S. B. Trukhan, P. I. Bidyuk


The article deals with methodology of extreme values treatment for building and estimating unknown parameters of generalized linear
models. As a mathematical tool for carrying out the research the extreme value theory was used that creates one of the directions in
mathematical statistics, and is related to investigating the extreme deviations from the median values in probability distributions. Also, the
methods of approximation statistical data to generalized extreme value distribution, the methods of estimating unknown parameters and
selecting an optimal threshold for extreme value models are discussed.
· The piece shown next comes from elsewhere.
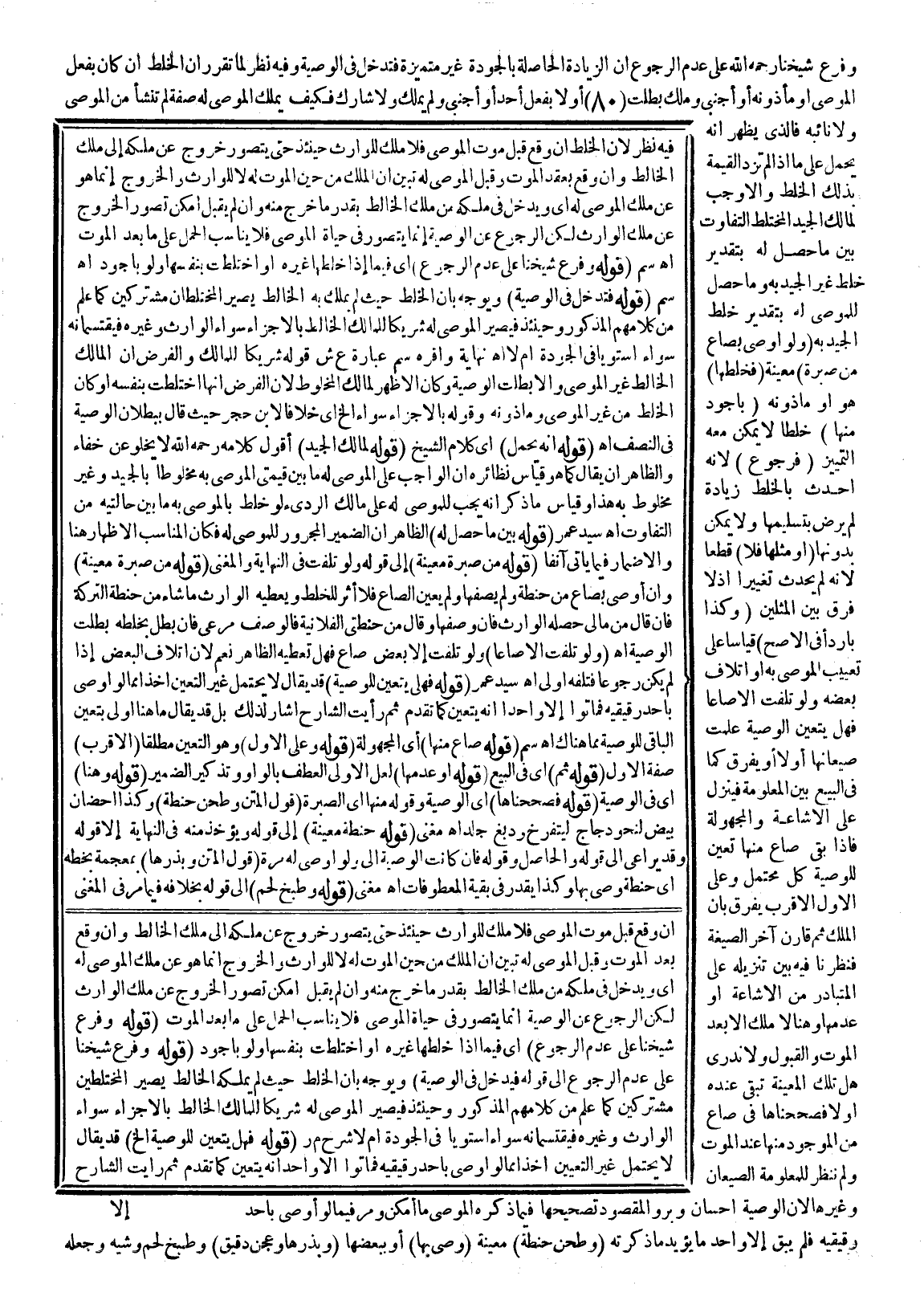 ـــــــــــــــــــــــــــــSإنْ وَقَعَ قَبْلَ مَوْتِ الْمُوصِي فَلَا مِلْكَ لِلْوَارِثِ حِينَئِذٍ حَتَّى يُتَصَوَّرَ خُرُوجٌ عَنْ مِلْكِهِ إلَى مِلْكِ الْخَالِطِ، وَإِنْ وَقَعَ بَعْدَ الْمَوْتِ وَقَبِلَ الْمُوصَى لَهُ تَبَيَّنَ أَنَّ الْمِلْكَ مِنْ حِينِ الْمَوْتِ لَهُ لَا لِلْوَارِثِ وَالْخُرُوجُ إنَّمَا هُوَ عَنْ مِلْكِ الْمُوصَى لَهُ أَيْ وَيَدْخُلُ فِي مِلْكِهِ مِنْ مِلْكِ الْخَالِطِ بِقَدْرِ مَا خَرَجَ مِنْهُ وَإِنْ لَمْ يَقْبَلْ أَمْكَنَ تَصَوُّرُ الْخُرُوجِ عَنْ مِلْكِ الْوَارِثِ لَكِنْ الرُّجُوعُ عَنْ الْوَصِيَّةِ إنَّمَا يُتَصَوَّرُ فِي حَيَاةِ الْمُوصِي فَلَا يُنَاسِبُ الْحَمْلَ عَلَى مَا بَعْدَ الْمَوْتِ (قَوْلُهُ وَفَرَّعَ شَيْخُنَا عَلَى عَدَمِ الرُّجُوعِ) أَيْ فِيمَا إذَا خَلَطَهَا غَيْرُهُ أَوْ اخْتَلَطَتْ بِنَفْسِهَا وَلَوْ بِأَجْوَدَ (قَوْلُهُ وَفَرَّعَ شَيْخُنَا عَلَى عَدَمِ الرُّجُوعِ إلَى قَوْلِهِ فَيَدْخُلُ فِي الْوَصِيَّةِ) وَيُوَجَّهُ بِأَنَّ الْخَلْطَ حَيْثُ لَمْ يَمْلِكْهُ الْخَالِطُ يَصِيرُ الْمُخْتَلَطَيْنِ مُشْتَرَكَيْنِ كَمَا عُلِمَ مِنْ كَلَامِهِمْ الْمَذْكُورِ وَحِينَئِذٍ فَيَصِيرُ الْمُوصَى لَهُ شَرِيكًا لِلْمَالِكِ الْخَالِطِ بِالْأَجْزَاءِ سَوَاءٌ الْوَارِثُ وَغَيْرُهُ فَيَقْتَسِمَانِهِ سَوَاءٌ اسْتَوَيَا فِي الْجَوْدَةِ أَمْ لَا شَرْحُ م ر

The models of treatment extreme values are constructed which are based on actual statistical data and approach is proposed for their future application for estimating predictive models. The model with generalized Pareto distribution turned out to be acceptable for further use, because it has minimum value of observation error and the best approximation of observed curve to theoretical density function. The comparison of evaluation unknown models’ parameters using method of maximum likelihood and Bayesian approach leads to next conclusion. The Bayesian methods are efficient way to solve the problem of selection the best model, based on the received alternatives set and prior parameters values. In future studies it will be reasonable to consider the application of extreme value analysis to predicted generalized linear models.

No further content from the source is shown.